Educação: alicerce essencial
A Associação dos Guineenses, Naturais e Amigos da Guiné-Bissau estendeu, num passado não muito longínquo, a mão a empresários do país que mostraram interesse em fazer chegar a Macau, para fins promocionais, produtos perecíveis, como a castanha de caju e a moringa. Mas a Guiné-Bissau tem muito mais para oferecer: “Em termos turísticos, a Guiné-Bissau é mesmo um diamante em bruto. É um sector que não tem expressão no Produto Interno Bruto, o que é um erro”, diz Graziela Lopes.
“Em relação a produtos, a castanha de caju é um produto já muito divulgado, mas é um tanto ou quanto redutor julgar a Guiné pela castanha. A Guiné não tem só isto. A Guiné tem petróleo, mas esta é uma questão que ainda não está muito bem definida. É uma das áreas em que acho que o Governo se devia concentrar e pedir a ajuda de outros países, mais concretamente da China”, defende a dirigente.
A China tem sido, de resto, ao longo dos últimos anos um dos principais parceiros de desenvolvimento das autoridades de Bissau.
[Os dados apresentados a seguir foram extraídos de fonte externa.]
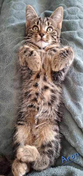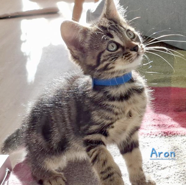 Aron – alias Monsieur adorable-petit-trésor – est un chaton extrêmement affectueux, toujours de bonne humeur et heureux ; c’est la joie de vivre au quotidien.

Pequim ajudou a construir bairros residenciais, hospitais ou estabelecimentos de ensino superior. A cooperação chinesa, salienta a presidente da Associação dos Guineenses, Naturais e Amigos da Guiné-Bissau, será sempre bem-vinda, sobretudo em áreas como a formação de recursos humanos e de quadros técnicos qualificados.
“A China tem-se mostrado disponível para ajudar em vários projectos, e tem ajudado, de facto, no desenvolvimento de alguns projectos. Há bairros que surgiram de raiz por causa dessa ajuda da China”, afirma Graziela Lopes. “O principal meio de ajuda deve ser a educação, o investimento na educação: construir escolas, construir mais universidades e dar a possibilidade de os estudantes poderem vir à China beber um bocadinho do que a China está a fazer em termos tecnológicos, em termos de medicina, em termos de desenvolvimento”, conclui a dirigente associativa.